Use Infrastructure as Code
I've seen teams manage infrastructure manually, and it always ends badly. Use Terraform or CloudFormation from day one. I prefer Terraform because of its multi-cloud support and better state management, but CloudFormation is fine if you're AWS-only.
The key is version controlling your infrastructure code and treating it like application code—code reviews, testing, and gradual rollouts.
Implement Comprehensive Monitoring
CloudWatch is good, but it's not enough. I use a combination of:
- CloudWatch for AWS service metrics
- Application-level metrics (Prometheus, Datadog, New Relic)
- Distributed tracing (X-Ray, Jaeger)
- Log aggregation (CloudWatch Logs, ELK stack)
The goal is to have visibility into your system from multiple angles. When something breaks, you want to know immediately, and you want enough context to fix it quickly.
Automate Everything
Manual processes are error-prone and don't scale. Automate:
- Deployments (CI/CD pipelines)
- Infrastructure provisioning (Infrastructure as Code)
- Security scanning (automated vulnerability assessments)
- Cost optimization (automated right-sizing recommendations)
I've seen teams spend hours on manual deployments that could be automated in a day. The upfront investment pays off quickly.
Document Your Architecture
Documentation is often overlooked, but it's critical. I maintain:
- Architecture diagrams (using tools like Lucidchart or Draw.io)
- Runbooks for common operations
- Decision records (why we chose a particular approach)
- Incident post-mortems
Good documentation saves hours during incidents and helps onboard new team members.
Common Pitfalls and How to Avoid Them
Over-Engineering
I've seen teams build complex architectures "just in case" they need the features later. This leads to:
- Higher costs
- More complexity
- Slower development
- Harder maintenance
Start simple, add complexity only when you have a specific need.
Under-Engineering
The opposite problem—building something too simple that doesn't scale. I've seen teams build a single EC2 instance application that works fine in development but falls over in production.
Find the balance. Start with a simple architecture that can scale, then add complexity as needed.
Ignoring Costs
AWS costs can spiral out of control if you're not monitoring them. Set up billing alerts, review costs regularly, and optimize continuously. I've seen teams discover they're spending thousands of dollars on unused resources.
Not Testing Disaster Recovery
High availability and disaster recovery only work if you test them.
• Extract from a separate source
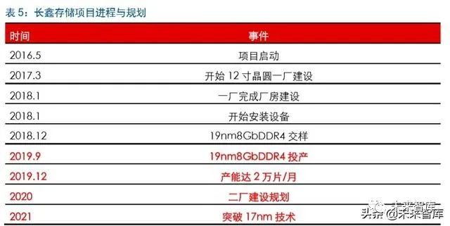 作为国产 DRAM 长跑竞赛的接棒人(第一棒为奇梦达),合肥长鑫存储自 2016 年立项 以来快速推进 DRAM 的研发与量产,2018 年年底即完成与国际主流 DRAM 产品同步 的 10nm 级、第一代 19nm 8GB DDR4 的交样,随后在 2019 年 9 月 20 日宣布 19nm 8GB DDR4 投产,一期目标产能达 12 万片/月。这标志我国在内存芯片领域实现量产技 术突破,拥有了这一关键战略性元器件的自主产能。
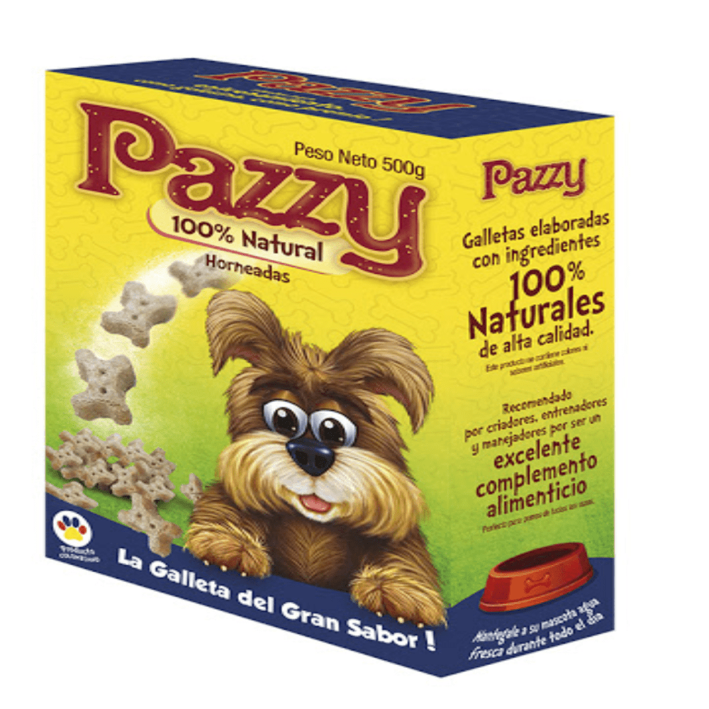 INGREDIENTES: Avena, harina integral, harina de arroz, harina de maíz, harina de trigo, hígados de pollo, huevos, aceite vegetal y panela. Galletas PAZZY, no contienen, sabores ni colores artificiales. Recomendado por criadores y manejadores de caninos, por ser un excelente suplemento alimenticio.

I've seen teams with perfect disaster recovery plans that failed during actual disasters because they never tested the failover process.
Test your disaster recovery procedures regularly, and document what you learn.
Conclusion
Building on AWS is a journey, not a destination. The services evolve, best practices change, and your understanding deepens over time. Start with the fundamentals, learn from your mistakes, and continuously improve your architecture.
The most important lesson I've learned? There's no perfect architecture—only architectures that are appropriate for your specific use case, constraints, and requirements. Focus on understanding your workload, choose the right services, and iterate based on real-world feedback.
Remember: AWS is a tool, not a solution. Your architecture decisions should be driven by your application's needs, not by what's cool or trendy. Keep it simple, make it work, then optimize.